Борис Горбачевский - Ржевская мясорубка. Время отваги. Задача — выжить!
Ивана называли «молчуном», и это правда, он был не очень разговорчив. Но мы сдружились. До сих пор я храню фотографию 1943 года, сделанную где-то в смоленских лесах, мы сняты вместе: несколько комсоргов полков и батальонов.
Родился Иван Скоропуд в Полтаве, в семье учителя. Жили они по соседству с писателем Короленко. Отец Вани иногда помогал соседу по хозяйству, а писатель нередко приглашал его на свои литературные четверги. Под влиянием отца Ваня увлекся украинской литературой и почувствовал вкус к удивительному украинскому фольклору, полюбил он и мелодичные народные песни, их часто пели в семье. Он много читал, знал наизусть поэму «Энеида» украинского поэта-классика Котляревского, любил стихи Леси Украинки. Вот этот момент нас и сблизил. Я тоже знал «Энеиду» и любил стихи Леси Украинки: в харьковской школе, где я учился, украинскую литературу преподавал высочайший интеллигент Василий Иванович Сокол — великолепный педагог, знаток украинской литературы, драматург, несколько его пьес играли в харьковских театрах.
Когда началась война, многие покинули Полтаву. Семья Скоропудов эвакуировалась в Новосибирск. Но отец Ивана остался — ради своих учеников. Немецкий комендант получил донос на учителя, его обвиняли в том, что в революцию он поддерживал контакты с писателем Короленко — защитником евреев, в качестве доказательства приводилось знаменитое «Дело Бейлиса». Недолго думая, обер-лейтенант принял решение: «В назидание другим — повесить». Об этом факте я узнал после войны, в 70-е годы, когда моя жена по делам службы ездила в Полтаву.

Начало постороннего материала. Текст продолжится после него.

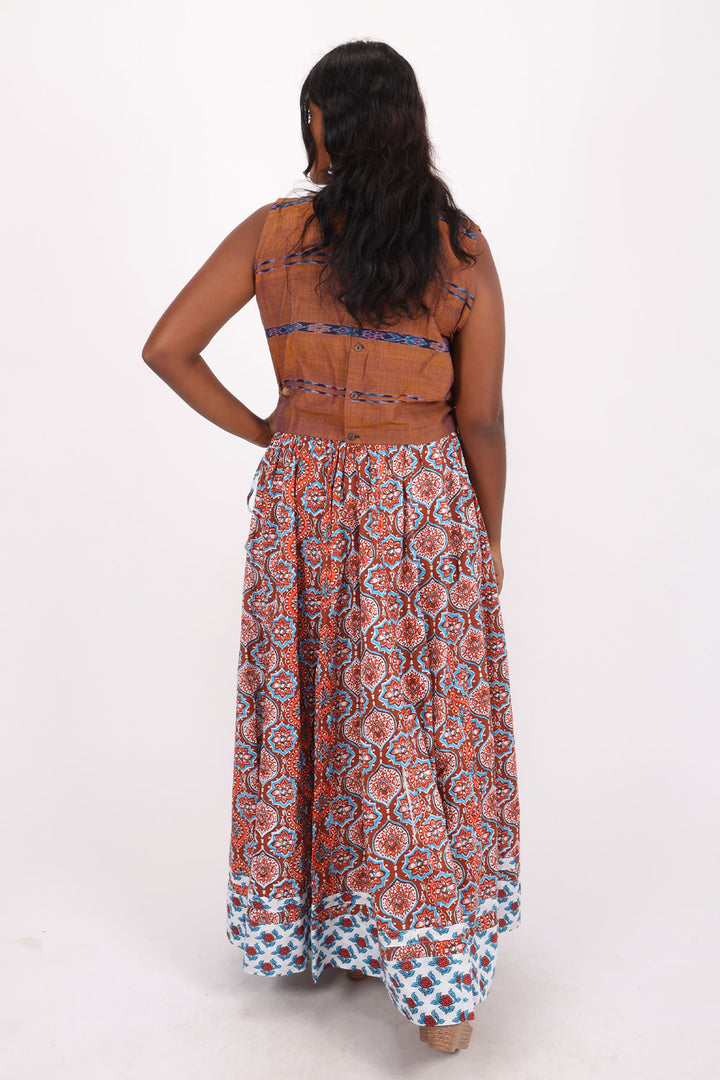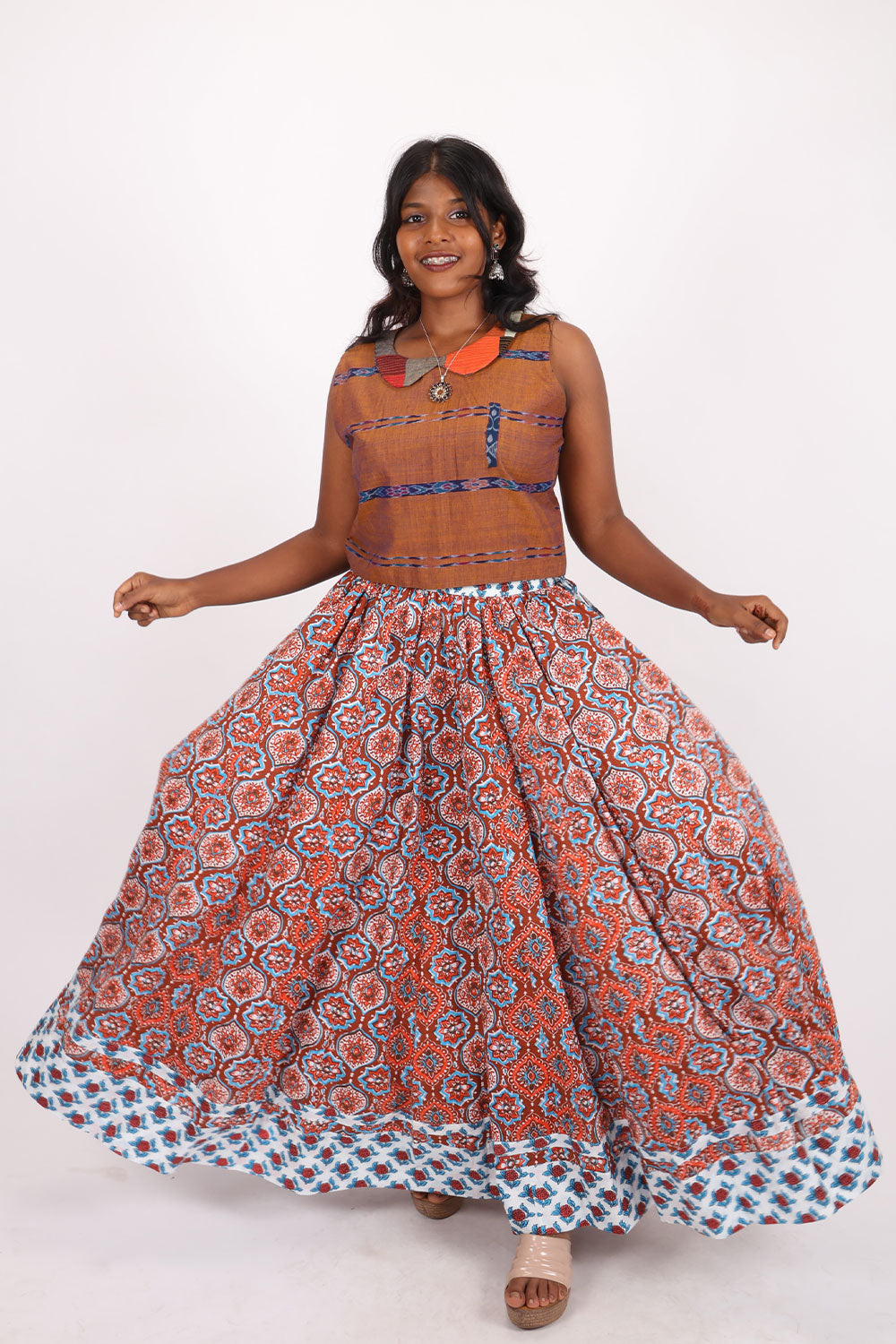Brown Hand Block Printed Cotton Skirt This beautiful denim blue hand block printed cotton skirt is designed to bring style and comfort to your wardrobe. Made with high quality cotton, it's perfect for any occasion and will keep you looking and feeling great all day long.

В армии Иван Скоропуд стал санинструктором. Во время битвы за Москву он показал себя храбрецом: вынес под огнем с поля боя 86 раненых. 5 марта 1942 года санинструктора наградили орденом Ленина. Во всей дивизии он один имел столь высокую награду. Комиссар дивизии Дубовской, вручая герою орден, посоветовал Ивану вступить в партию и рекомендовал его на комсомольскую работу. Так Иван Скоропуд стал комсоргом батальона.
Трагедия произошла в первые дни наступления на Смоленск. Иван подорвался на мине. Разорвало его в клочья, по родимому пятну удалось опознать оторванную ногу.
Узнав о гибели Ивана, я попросил Кошмана, батальонного комиссара 653-го полка, разрешить похоронить комсорга с высшими почестями. В гроб положили останки и фотографию лейтенанта.
Во время похорон кто-то обронил фразу: «Все мы в этой жизни — только маленькие пылинки!» Она показалась мне обидной, и я резко возразил.
Когда было трудно и кто-то впадал в панику, Ваня шутил: «Небо на землю не падае». Мудрая украинская поговорка…
Погибший батальонВ двух километрах от наших позиций начинался огромный лес с выступающей вперед возвышенностью, заросшей березовой рощей. Высота была занята немцами — вероятно, это был один из форпостов боевого охранения перед основной линией обороны. Командир полка Разумовский приказал комбату майору Подчезерцеву захватить высоту.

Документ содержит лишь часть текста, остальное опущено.